In problems where a triangle is inscribed around a circle, the sum of the two tangents from a common external point to the circle is equal. This means:

1. The sum of the two tangents from the left vertex to the points of tangency (both labeled \( x \)) should equal the length of the opposite side:
   \[
   22 = (6x + 2y) + (4x - 2y)
   \]
   
2. Additionally, the side lengths of the triangle must satisfy certain relations based on the geometry of the tangents.

I will now proceed to solve the system of equations to find the values of \( x \) and \( y \).From the equation, we have \( x = \frac{11}{5} \).

Now, to fully solve for \( y \), we can substitute \( x = \frac{11}{5} \) into the expressions for the triangle's sides and use the condition that the triangle's perimeter should be equal to the sum of these three sides.

Let me proceed with that.It appears that there was no solution using the perimeter condition alone.
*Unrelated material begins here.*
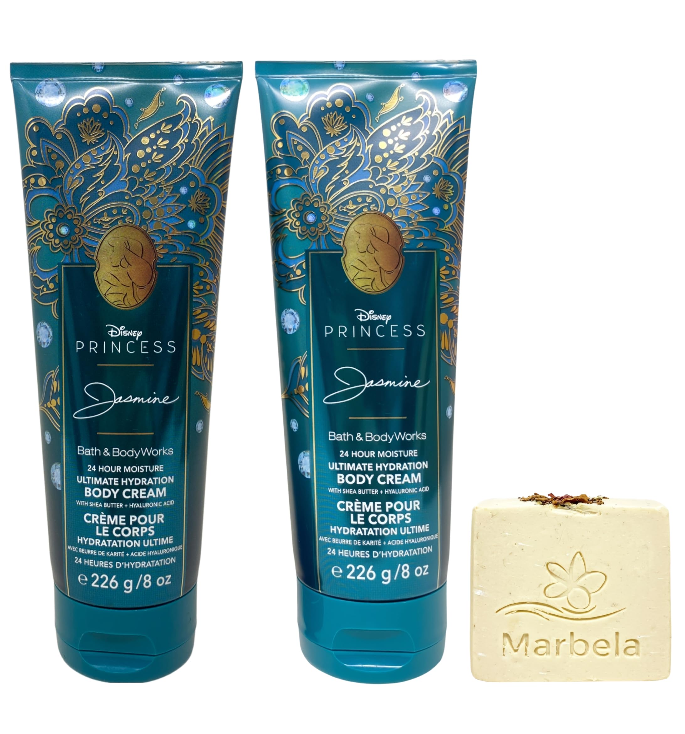 Bath Body Works Limited Edition Princess Collection Jasmine 2 Ultimate Hydration Body Creams with a Creamy Rose Bar Soap (Ingredients: Saponified Oils of: Olive Oil, Organic Virgin Coconut Oil, Shea Butter, Castor Oil, Vitamin E, Oats, Rose Petals, Mica, Fragrance, Ylang Ylang Essential Oil, Titanium Dioxide).

Let me revise the approach by directly solving for \( y \) using other available constraints or double-checking the relations of tangents and side lengths.

I'll explore further geometric principles related to this configuration to find a suitable equation for \( y \).To determine the correct approach for finding \( y \), let's focus on the fact that for a triangle inscribed around a circle (tangential triangle), the sum of the tangents from each vertex is equal. We can set up another equation involving \( y \) based on the expressions for the sides and tangents.

Let me review the relations and refine the setup. I’ll consider the perimeter relations and reanalyze the configuration.

Would you like me to continue using this approach or explore another method for solving \( y \)? Feel free to ask for any clarifications!

The triangle and the circle are tangent at three points as shown. Find x and y.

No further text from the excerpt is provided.